The finding about the importance of parents and their involvement with a child’s learning and schooling comes from the University of Plymouth in the U.K. Here researchers demonstrated that parental engagement has a positive effect. The implications are to find ways so that schools and early years institutions can aid parents so that parents can also contribute to their children’s overall learning.
The research demonstrates that with school-aged children, adopting a home-school partnership delivers greater success for a child’s ability to learn and also with achieving greater academic success.
To make such schemes work effectively, the study also showed that when education establishments seek to personalize communications about a child’s progress, and also make this accessible, then the chances of success are higher. In terms of greater accessibility one example cited was with schools making use of text messages to parents.

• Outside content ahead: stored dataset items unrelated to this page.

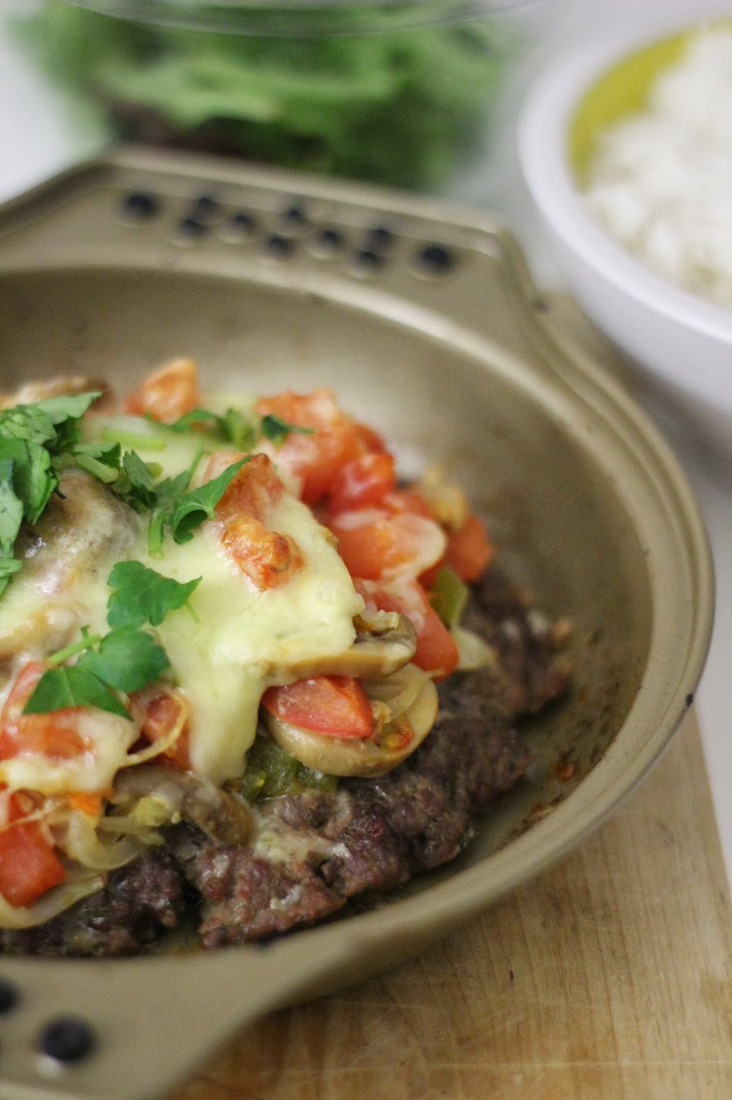 Retire o hambúrguer do forno e cubra-o com esta mistura de legumes. Cubra com o queijo ralado e leve novamente ao forno cerca de 10 minutos até o queijo derreter e dourar ligeiramente.
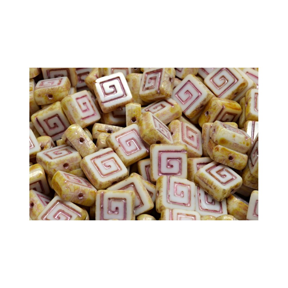 Skleněné ploškované korálky ve tvaru keltského čtverečku vyrobené v ČR firmou Rutkovský
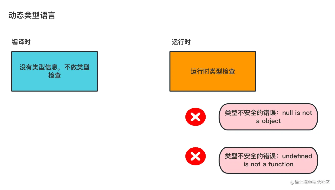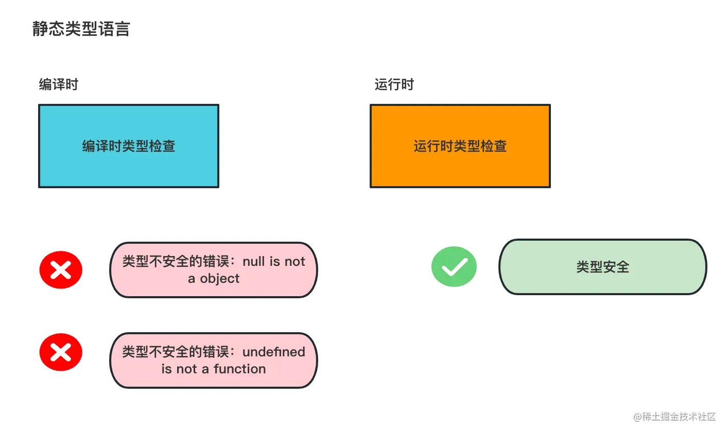 两种类型检查各有优缺点。动态类型检查 在源码中不保留类型信息,对某个变量赋什么值、做什么操作都是允许的,写代码很灵活。但这也埋下了类型不安全的隐患,比如对 string 做了乘除,对 Date 对象调用了 exec 方法,这些都是运行时才能检查出来的错误。
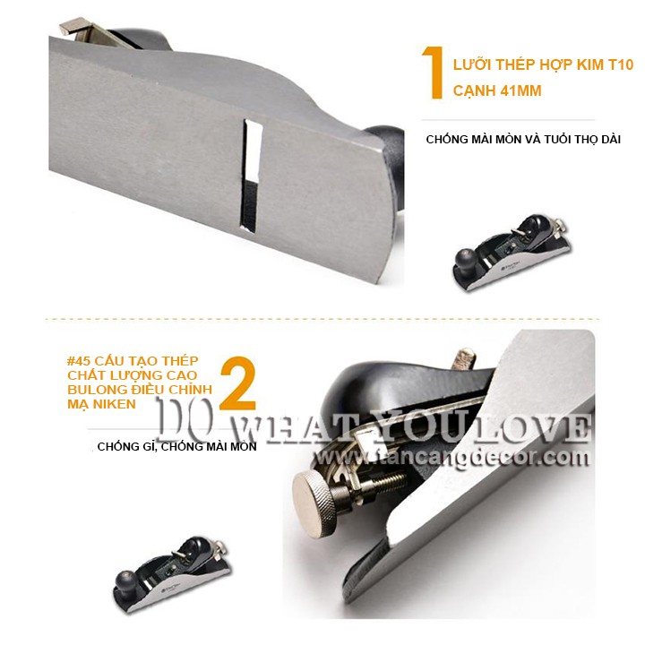 - Phần lưỡi bào thì làm bằng chất liệu thép hợp kim T10 nên có độ bền cao, không bị mài mòn và rỉ sét theo thời gian sử dụng. Điểm nổi bật của sản phẩm này là có kiểu dáng nhỏ gọn, cầm nắm sử dụng liên tục khá là thoải mái và dễ dàng mang theo khi có việc cần dùng tới. Bào gỗ cầm tay có tính ứng dụng cao với các thợ mộc, ngành chế biến gỗ, đặc biệt là trong ngành chế biến đồ mỹ nghệ từ thông thường đến cao cấp.
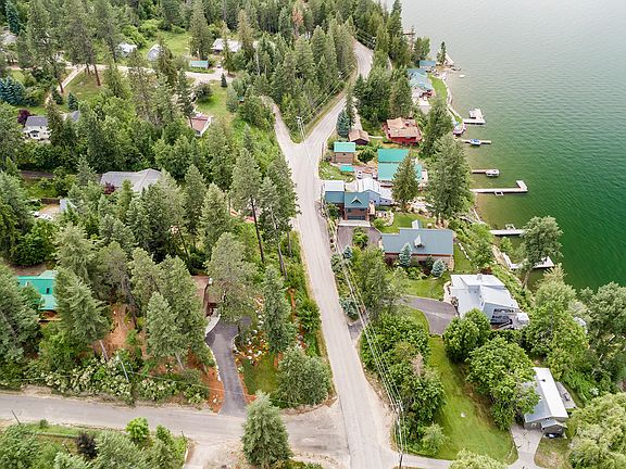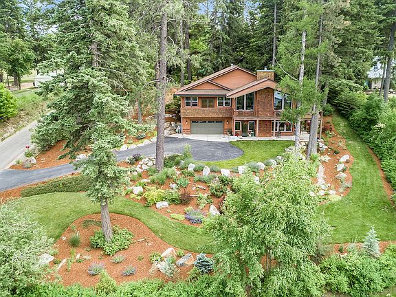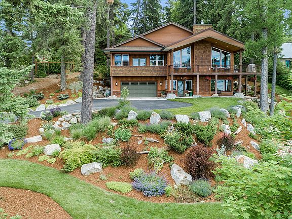 Enjoy breathtaking panoramic views of Lake Pend Oreille, the lights of downtown Sandpoint, the rugged Selkirk mountains, and beyond from both levels & almost every room of this meticulously maintained custom 4bd/3ba home built by Sandpoint Builders. Spacious Master suite has high, vaulted ceiling of natural knotty pine, gas fireplace, french doors leading to private deck, large walk-in closet, & beautiful master bath w/large, tiled walk-in shower, jetted tub, & 7-feet of custom cherry cabinetry topped by a unique natural travertine countertop and double sinks. Expansive Great room is stylish and inviting w/ high vaulted wood ceiling, huge picture windows, & beautiful stone fireplace; Gourmet kitchen w/ granite countertops, SS appliances, custom cherry cabinetry, & long breakfast bar. Great Room access to large wraparound partially-covered deck that has one-step access to back yard. Lower level boasts large family room w/ 3-sided gas fireplace and gorgeous custom built-in wood bookshelves and cabinetry -including space for a large-screen TV & wiring for home theatre surround sound. Enormous laundry room with travertine countertops, plus mud room area with travertine bench just inside back door; Central heat & A/C. Oversized attached 2-car garage w/shop area and tons of storage. More parking available outside garage, in large, paved parking/turnaround area with paved driveway. Partially sloped yard is a gardeners dream - approx 2/3 acre of extensive landscaping, stone paths, stream beds, flowers and trees, attractive raised bed garden with high fencing to protect veggies & established berries from wildlife, as well as grassy fire pit area w/ lake view. Lawn has automatic sprinklers; all garden areas have automatic drip irrigation. Large garden/storage shed as well as wood shed nestled in trees in back corner of yard.
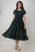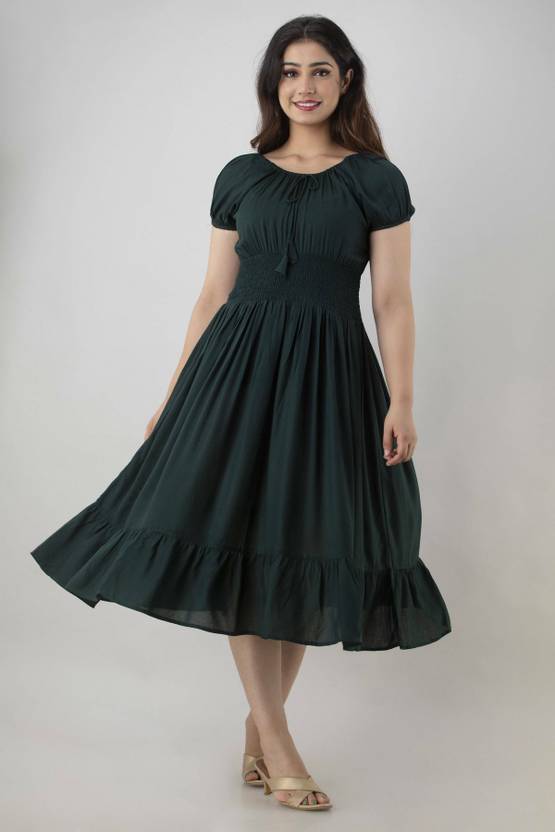 KANHA TEXTILES Women Solid Flared Kurta (Green)
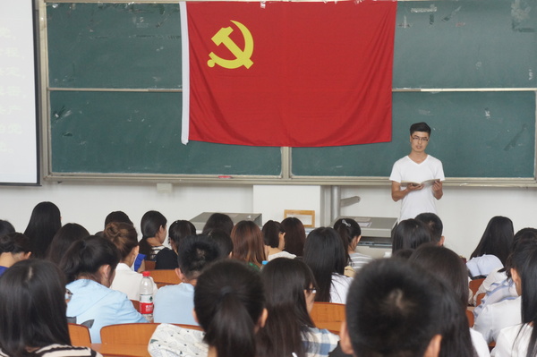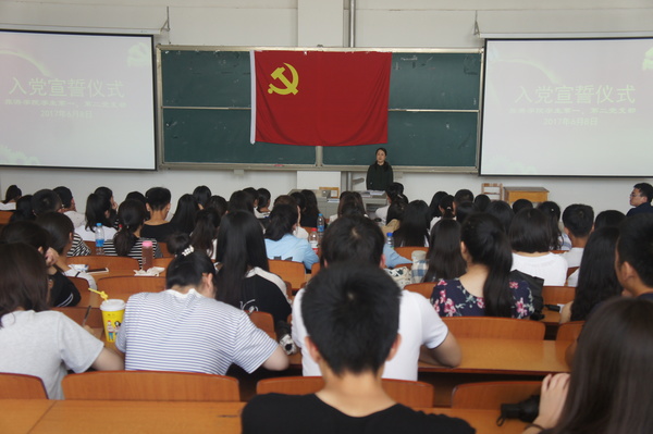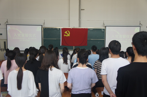 仪式在慷慨激昂的国际歌声中拉开帷幕,在领誓人王金东同学的带领下, 全体预备党员面向鲜红的党旗,举起右拳庄严宣誓。参加宣誓的预备党员代表王金东同学发表了感言,向党组织承诺努力做一名合格的共产党员。
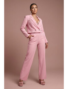 Parizianista Σετ Κοστούμι Φούτερ με Crop Σακάκι & Παντελόνι - Ροζ - 018009
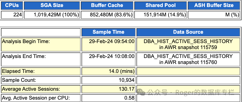 从ASH数据来看,这个库配置是十分的强悍,单节点224 core,物理内存应该在1.5TB左右,毕竟Oracle SGA 都分配了1TB(这是我见过最大的,之前见过SGA设置800GB的,这次刷新我的认知了,格局被拉满了)。
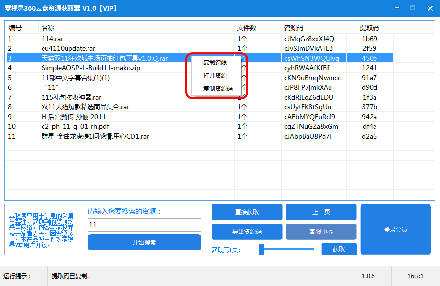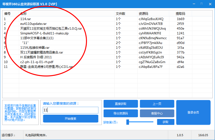这款软件基于360云盘,它可以帮助你快速获取360云盘资源,支持批量导出礼包码,获取指定页的礼包码,另外还支持支持指定资源的自定义搜索,是一款强大的360云盘资源获取器,欢迎有需要的朋友下载使用!
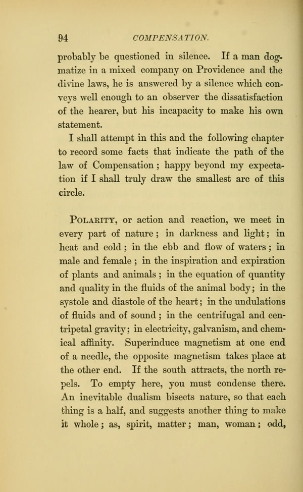 I shall attempt in this and the following chapter to record some facts that indicate the path of the law of Compensation; happy beyond my expectation if I shall truly draw the smallest arc of this circle.
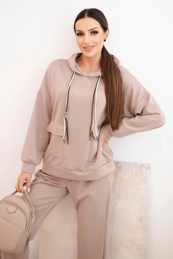 Ciemnobeżowy komplet damski masełkowy – bluza z kapturem i spodnie z paskiem

In particular the research demonstrated how family literacy interventions can help to increase younger children’s learning. The study also noted that summer reading programs can raise the standard of school-aged children’s learning.
The data used for the assessment was based on a review of international studies plus the output of a survey conduted with head teachers from 180 schools. These quantitative data points were completed with a selection of interviews conducted with school leaders and subject experts.
A further factor for consideration is with the actual activities delivered in or by schools which seek to promote and support parental engagement. A key factor is time – with parents putting aside sufficient time to spend with and engage with their children on learning related activities in the home.
In other research, the scholastic abilities of teachers can be improved by developing teacher incentive schemes. Researchers discovered that teacher incentive pay programs that come with regular feedback to the teacher help to make incentive programs more effective and these help to improve teaching practices.